Bank lending in the Eurozone has been tightening for a while now (3 months in a row). The $14 trillion Eurozone economy is highly dependent on bank credit (85% of corporates’ funding is channeled via bank loans).
Chart That Caught Our Eye
Analyst Team Note:
Came across a fascinating paper from Goldman Sachs on options strategies.
Income collected: Selling SPX 1-month calls has allowed investors to collect annual premiums of 0.4% to 24.4% over the past 27 years depending on the specific strike used from 100% to 115%. Investors have collected an annualized premium of 4.8% for selling a 5% out-of-the-money monthly calls over the 27 years and are on pace to collect 5.0% annualized in 2023.

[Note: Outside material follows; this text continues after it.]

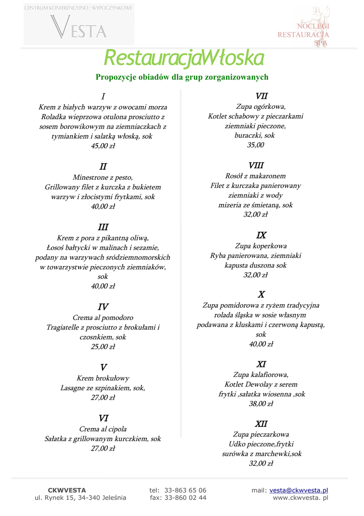 RestauracjaWłoska NOCLEGI RESTAURACJA SPA Propozycje obiadów dla grup zorganizowanych I VII Krem z białych warzyw z owocami morza Roladka wieprzowa otulona prosciutto z sosem borowikowym na ziemniaczkach z tymiankiem i salatką włoską, sok 45,00 zł Zupa ogórkowa, Kotlet schabowy z pieczarkami ziemniaki pieczone, buraczki, sok 35,00 II VIII Rosół z makaronem Filet z kurczaka panierowany ziemniaki z wody mizeria ze śmietaną, sok 32,00 zł Minestrone z pesto, Grillowany filet z kurczka z bukietem warzyw i złocistymi frytkami, sok 40,00 zł III IX Krem z pora z pikantną oliwą, Łosoś bałtycki w malinach i sezamie, podany na warzywach sródziemnomorskich w towarzystwie pieczonych ziemniaków, sok 40,00 zł Zupa koperkowa Ryba panierowana, ziemniaki kapusta duszona sok 32,00 zł X IV Crema al pomodoro Tragiatelle z prosciutto z brokułami i czosnkiem, sok 25,00 zł Zupa pomidorowa z ryżem tradycyjna rolada śląska w sosie własnym podawana z kluskami i czerwoną kapustą, sok 40,00 zł V XI Zupa kalafiorowa, Kotlet Dewolay z serem frytki ,sałatka wiosenna ,sok 38,00 zł Krem brokułowy Lasagne ze szpinakiem, sok, 27,00 zł VI Crema al cipola Sałatka z grillowanym kurczkiem, sok 27,00 zł CKWVESTA ul. Rynek 15, 34-340 Jeleśnia tel: 33-863 65 06 fax: 33-860 02 44 XII Zupa pieczarkowa Udko pieczone,frytki surówka z marchewki,sok 32,00 zł mail: [email protected] www.ckwvesta. pl Na dobry początek wybierz przystawkę…. Carpaccio Wołowe 15,00 zł Babeczka z łososia 12,00 zł Cienko krojone płaty marynowanej wołowiny z rucolą i parmezanem skropione oliwa z oliwek i sokiem ze świeżej cytryny babeczka z wędzonego łososia z musem z awokado podane na grzance z mixem sałat i winegretem Camembert 12,00 zł W migdałowej panierce z sosem żurawinowym Mozzarella 8,00 zł Biała mozzarella przełożona z czerwonym pomidorem zroszona pesto NOCLEGI RESTAURACJA SPA … i deser na słodkie zakończenie Galaretka z owocami Ciasto deserowe Lody z gorącymi malinami Pana Cotta z sosem truskawkowym 5,00 zł 5,00 zł 7,00 zł 9,90 zł klasyczny deser włoski na bazie śmietany i laski wanilii Szarlotka 8,00 zł jabłkowy smakołyk z ciasta francuskiego podany na ciepło z gałką lodów Tiramisu 9,00 zł prawdziwe włoskie tiramisu z serka Mascarpone z odrobiną amaretto Propozycja uroczystej kolacji 99,00 zł/os Zupa Krem z białych warzyw z owocami morza Danie główne Roladka z indyka ze śliwką w boczku, kasztanki ziemniaczne w zielonym sosie z bukietem surówek Deser Szarlotka na ciepło z lodami i bita śmietaną Bufet zimny: Sałatka z brokułami, sałatka jarzynowa, jajko w sosie tatarskim, patera warzyw, deska serów i wędlin, śledź w tłuczonym pieprzu, szynka faszerowana pieczywo, masełko Bufet kawowy kawa, herbata - bez ograniczeń woda, sok 0,5l./osoba II danie ciepłe Kita wieprzowa z pikantnymi ziemniaczkami, sosem tzatzyki i kapustą zasmażaną Dziękujemy za zapoznanie się z naszą ofertą, w razie pytań jesteśmy do Państwa dyspozycji Recepcja CKW Vesta tel. 33 8636 506 33 8636 092 fax 33 8600 244 [email protected] CKWVESTA ul. Rynek 15, 34-340 Jeleśnia Monika Rybarska z-ca dyrektora ds. gastronomii i hotelarstwa tel. 664 453 967 [email protected] tel: 33-863 65 06 fax: 33-860 02 44 mail: [email protected] www.ckwvesta. pl NOCLEGI RESTAURACJA SPA CKWVESTA ul. Rynek 15, 34-340 Jeleśnia tel: 33-863 65 06 fax: 33-860 02 44 mail: [email protected] www.ckwvesta. pl

Volatility reduction: Monthly call selling has reduced the volatility of an SPX portfolio by up to 80% depending on the specific strikes sold. Lower strike calls have a more negative beta and dampen the portfolio volatility by more than higher strike calls. Owning the S&P 500 and selling 5% out-of-the-money calls have had a volatility of 16.2% over the past 27 years vs the SPX volatility of 18.0%.
Total Return Impact: Selling 5% out-of-the-money SPX 1-month calls was profitable in 89% of months since January 1996; however, positive returns in these months were partially offset by losses in a small percentage of the months.
Risk-Return: The S&P 500 provided annualized returns of 9.2% since January expiration 1996 vs an annualized volatility of 18.2% (return/volatility ratio of 0.50). Owning the S&P 500 and overwriting with 5% out-of-the-money SPX monthly calls had a return of 9.6% with an annualized volatility of 16.2% (return/volatility ratio of 0.60).